Description William Cohen 2006-12-22 16:46:17 UTC
The systemtap.sample/poll_map.stp test built with the current systemtap
translator (20061222) dies on FC6 machines. The test is getting a NULL
dereference when running:

BUG: unable to handle kernel NULL pointer dere8 printing eip:
c0460579
*pde = 00000000
Oops: 0000 [#1]
SMP
last sysfs file: /module/uhci_hcd/sections/.text
Modules linked in: stap_a428a285aca60807a64f09f4e76207fd_35809(U) autofs4 hidp
dCPU:    0
EIP:    0060:[<c0460579>]    Not tainted VLI
EFLAGS: 00210202   (2.6.18-1.2868.fc6 #1)

Commenting out the entire probe kernel.function( "sys_*" ) avoids crashing the
machine. However, just commenting out the body of the  probe kernel.function(
"sys_*" ) still crashes.
Comment 1 Frank Ch.
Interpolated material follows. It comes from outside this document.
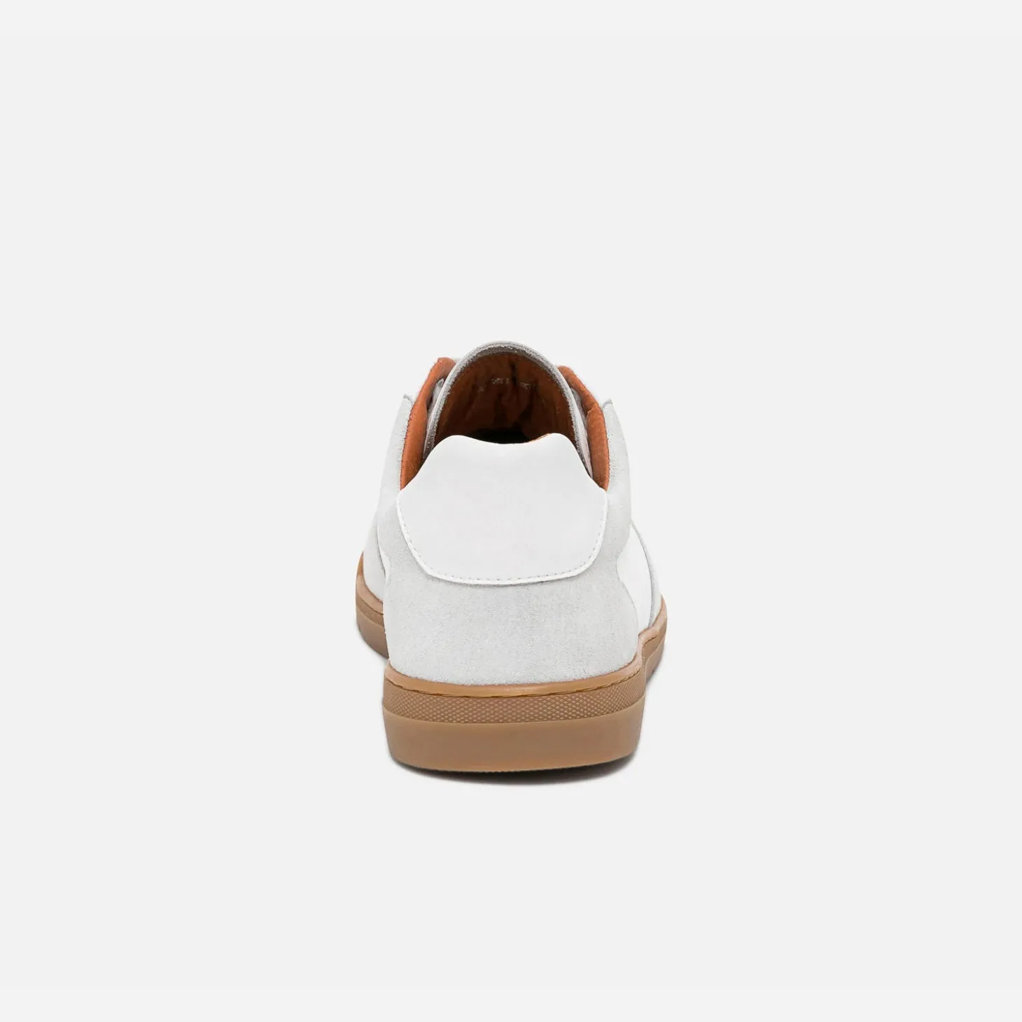 100% cuir blanc, cette tennis pour homme se laisse bousculer par des empiècements en cuir velours gris clair. La doublure et la première en cuir camel font écho à la semelle extérieure contrastée. Un modèle idéal en toutes saisons, avec un look chic comme plus décontracté.
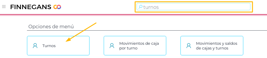 Para ingresar al listado de turnos pueden hacerlo desde el buscador tipeando la palabra “turnos” y luego haciendo clic en el maestro correspondiente.

Eigler 2006-12-31 04:15:08 UTC
I cannot reproduce this on i686 UP nor x86-64.
Please specify your platform.  Have you tried
gathering a kdump image?
Comment 2 William Cohen 2007-01-01 16:51:04 UTC
This is an IBM T41 Thinkpad with a Pentium M processor running FC6 updated via
yum. The machine has has 512M of memory.

The problem is still triggered on the system with the latest checkout of systemtap:

BUG: unable to handle kernel NULL pointer dere8
 printing eip:                                                                  
c0460579                                                                        
*pde = 06579067                                                                 
Oops: 0000 [#1]                                                                 
SMP                                                                             
last sysfs file: /module/uhci_hcd/sections/.text                                
Modules linked in: stap_a058fcd7029f5c9bb738cfca0ac4c0fc_35799(U) autofs4 hidp d
CPU:    0                                                                       
EIP:    0060:[<c0460579>]    Not tainted VLI                                    
EFLAGS: 00210202   (2.6.18-1.2868.fc6 #1)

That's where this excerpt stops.